*AIM OF THE EXERCISE*:
Please print the listing that follows word for word, but skip any pictures it holds.

*COLLECTED MATERIAL*:

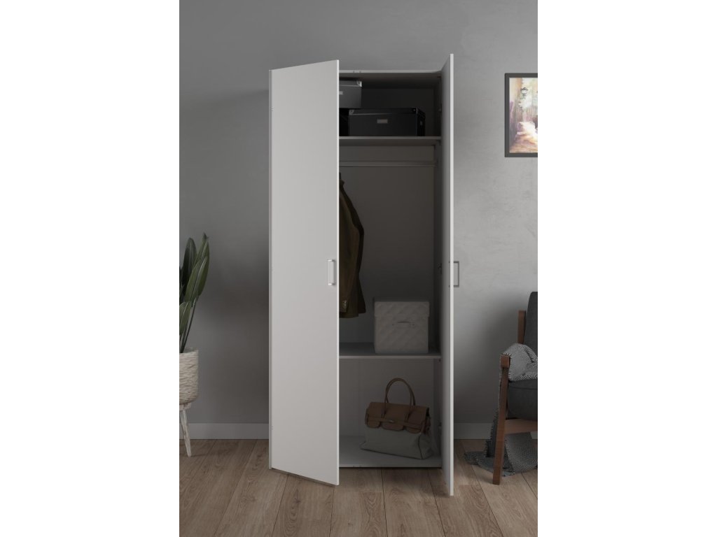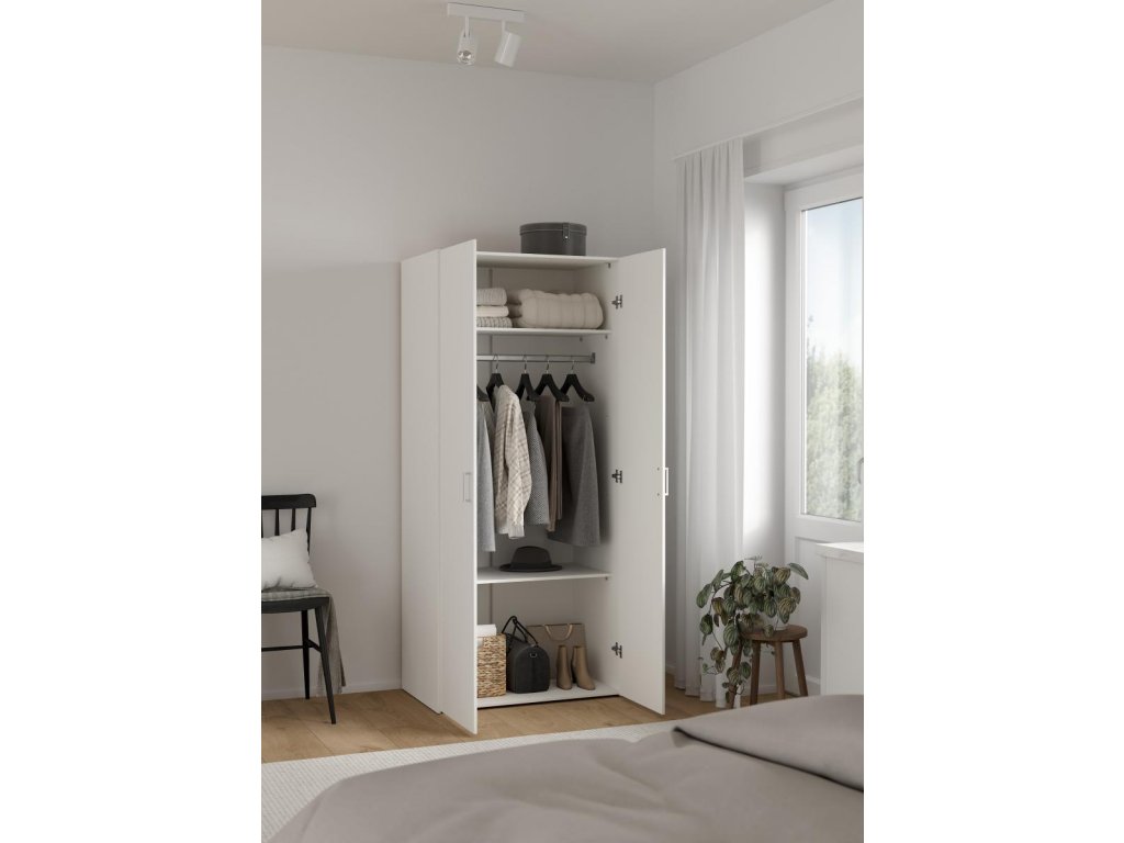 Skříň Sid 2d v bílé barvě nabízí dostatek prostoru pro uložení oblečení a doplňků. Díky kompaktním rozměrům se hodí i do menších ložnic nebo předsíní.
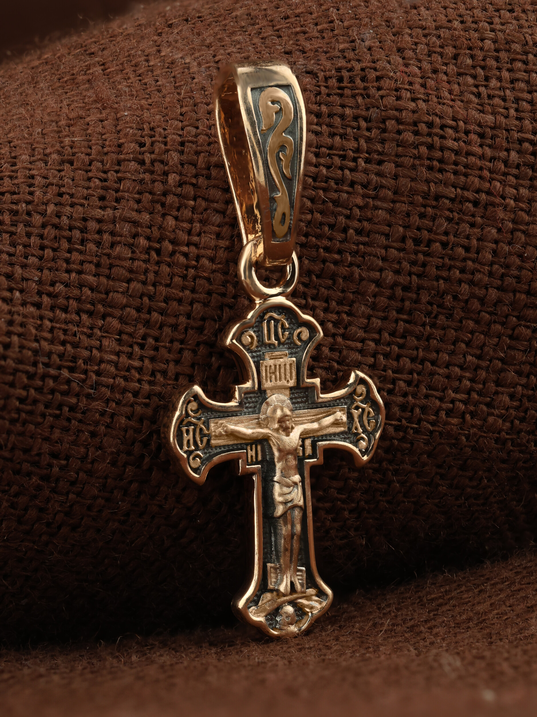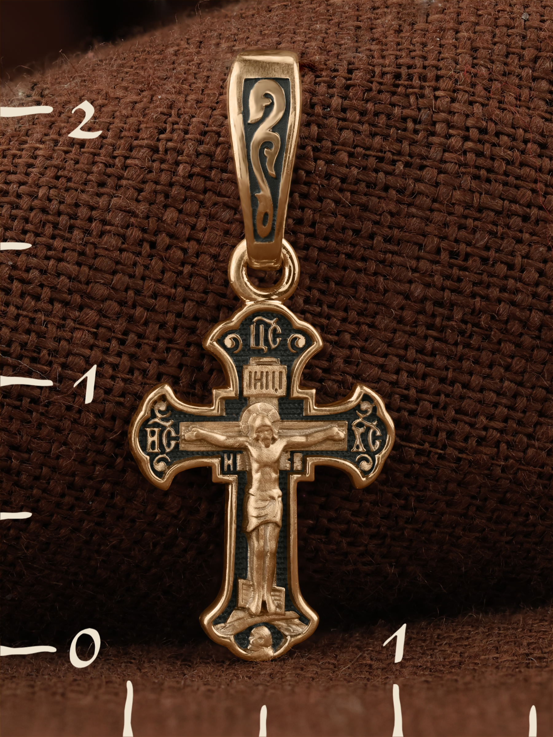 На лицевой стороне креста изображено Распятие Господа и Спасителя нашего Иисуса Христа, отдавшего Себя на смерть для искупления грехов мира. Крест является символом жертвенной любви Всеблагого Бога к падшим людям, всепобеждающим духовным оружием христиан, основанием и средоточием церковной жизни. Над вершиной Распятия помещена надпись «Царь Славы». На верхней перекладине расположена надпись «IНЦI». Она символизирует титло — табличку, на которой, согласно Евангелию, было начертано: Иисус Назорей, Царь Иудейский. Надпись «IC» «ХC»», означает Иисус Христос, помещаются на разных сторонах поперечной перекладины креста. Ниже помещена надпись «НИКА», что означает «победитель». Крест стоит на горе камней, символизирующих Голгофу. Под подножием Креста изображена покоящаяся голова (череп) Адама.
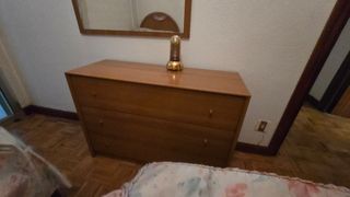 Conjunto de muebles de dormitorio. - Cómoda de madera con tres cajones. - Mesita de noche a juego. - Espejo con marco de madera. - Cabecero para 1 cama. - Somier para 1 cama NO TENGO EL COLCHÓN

*RESPONSE AREA*:
 Skříň Sid 2d v bílé barvě nabízí dostatek prostoru pro uložení oblečení a doplňků. Díky kompaktním rozměrům se hodí i do menších ložnic nebo předsíní.
 На лицевой стороне креста изображено Распятие Господа и Спасителя нашего Иисуса Христа, отдавшего Себя на смерть для искупления грехов мира. Крест является символом жертвенной любви Всеблагого Бога к падшим людям, всепобеждающим духовным оружием христиан, основанием и средоточием церковной жизни. Над вершиной Распятия помещена надпись «Царь Славы». На верхней перекладине расположена надпись «IНЦI». Она символизирует титло — табличку, на которой, согласно Евангелию, было начертано: Иисус Назорей, Царь Иудейский. Надпись «IC» «ХC»», означает Иисус Христос, помещаются на разных сторонах поперечной перекладины креста. Ниже помещена надпись «НИКА», что означает «победитель». Крест стоит на горе камней, символизирующих Голгофу. Под подножием Креста изображена покоящаяся голова (череп) Адама.
 Conjunto de muebles de dormitorio. - Cómoda de madera con tres cajones. - Mesita de noche a juego. - Espejo con marco de madera. - Cabecero para 1 cama. - Somier para 1 cama NO TENGO EL COLCHÓN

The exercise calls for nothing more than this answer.